University of Cambridge: Cambridge pop-up experience explores the Faustian pacts we make with digital tech
FAUST SHOP, a pop-up installation and performance in Cambridge asks visitors to think about their daily interactions with digital technology. And before they leave, it will ask them if they want to reclaim their digital soul.
Digital technology offers us the world but what does it take away from us and what does it want in return?
Annja Neumann
Do you understand how your cookies and data are being used? Do the benefits of using digital technology outweigh the negatives and the risks? How much of your digital self are you willing to sacrifice?

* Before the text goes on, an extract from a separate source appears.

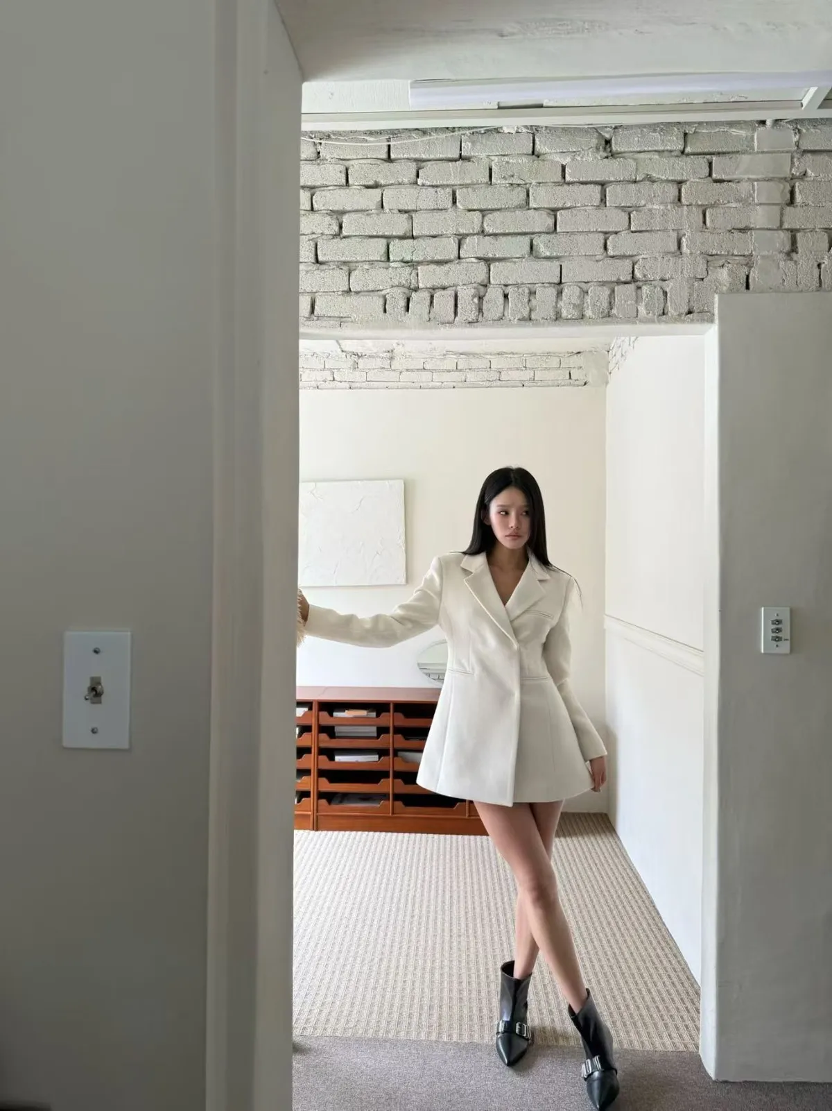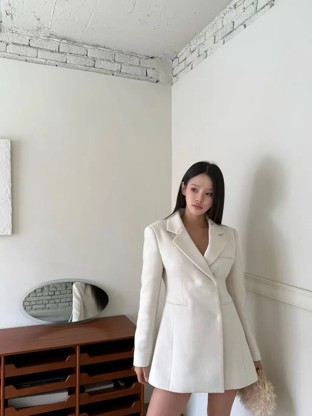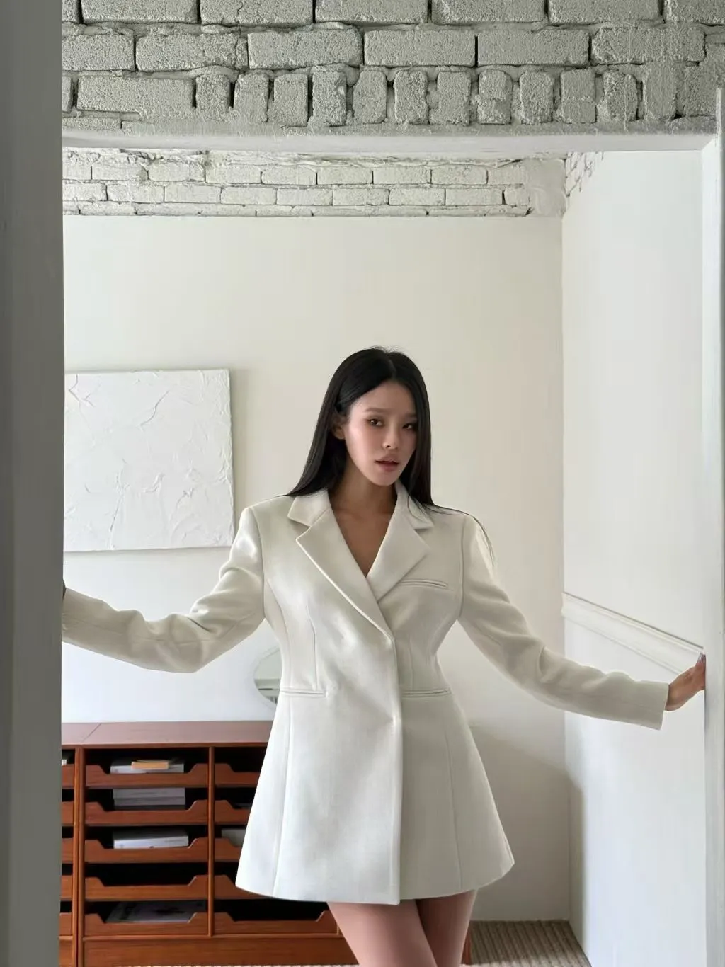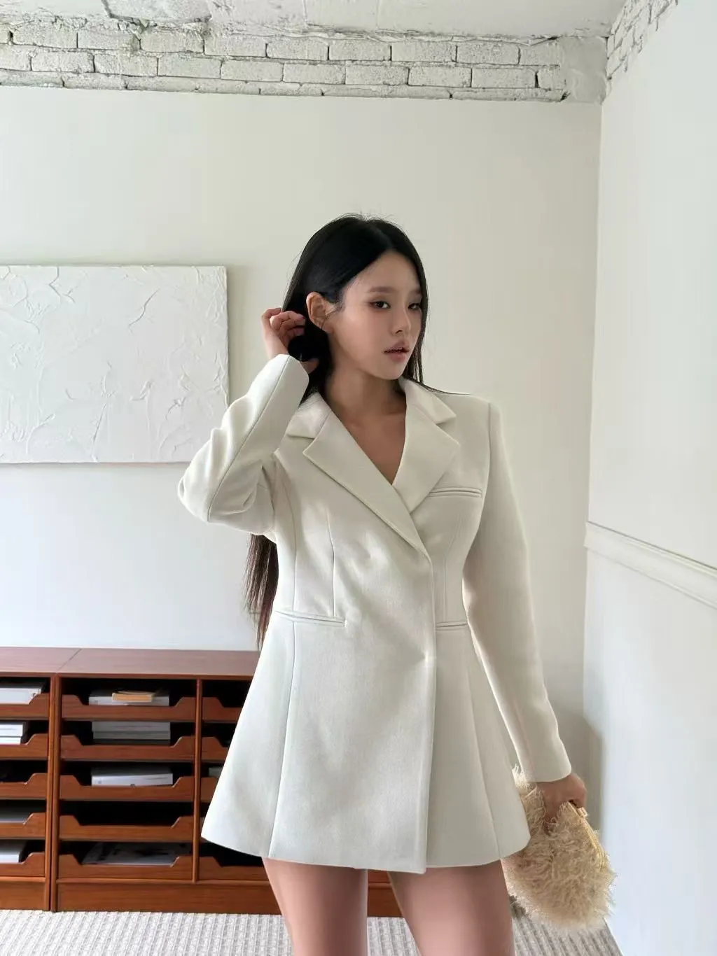 完美融合了西裝的俐落與洋裝的優雅。

These are just some of the questions at the heart of a unique project about to take place in Cambridge. On 16th and 17th June, FAUST SHOP, a pop-up installation and performance in the Grafton Centre’s Sook Space will ask visitors to think about their daily interactions with digital technology. And before they leave, it will ask them if they want to reclaim their digital soul.
Stepping into the FAUST SHOP, visitors will be immersed in stories that blur the boundary between virtual spaces and reality. They will encounter characters in the flesh as well as on-screen through motion capture and digital art.
The venue, Sook Space, already employs AI-driven analytics using smart footfall cameras. FAUST SHOP will add a thermal imaging camera attachment to allow real-time capture of visitor’s “souls” as textures which can be collected and bought back as a special type of non-fungible token (NFT). All visitors will receive a special offer to either give their digital soul to Faust’s new lands or ‘take away’ the digital double they created during their visit. Information collected will then be emailed to them. The installation will also showcase digital objects donated by members of the public to share their personal relationships with digital technology.
The thought-provoking project, led by Cambridge Digital Humanities researcher Dr Annja Neumann, involves post-graduate students, researchers and artists from the University of Cambridge and the School of Creative Industries at Anglia Ruskin University.
The FAUST SHOP is a performance-based research project that uses site-specific theatre to explore agency and get people thinking about the goods and evils of technology.
Neumann says: “We all rely on digital technology now but how often do we stop to consider the impact that it is having on us? We’ll be offering visitors the opportunity to pause, experience their relationship with technology and before they leave, to choose whether to re-claim their digital soul.”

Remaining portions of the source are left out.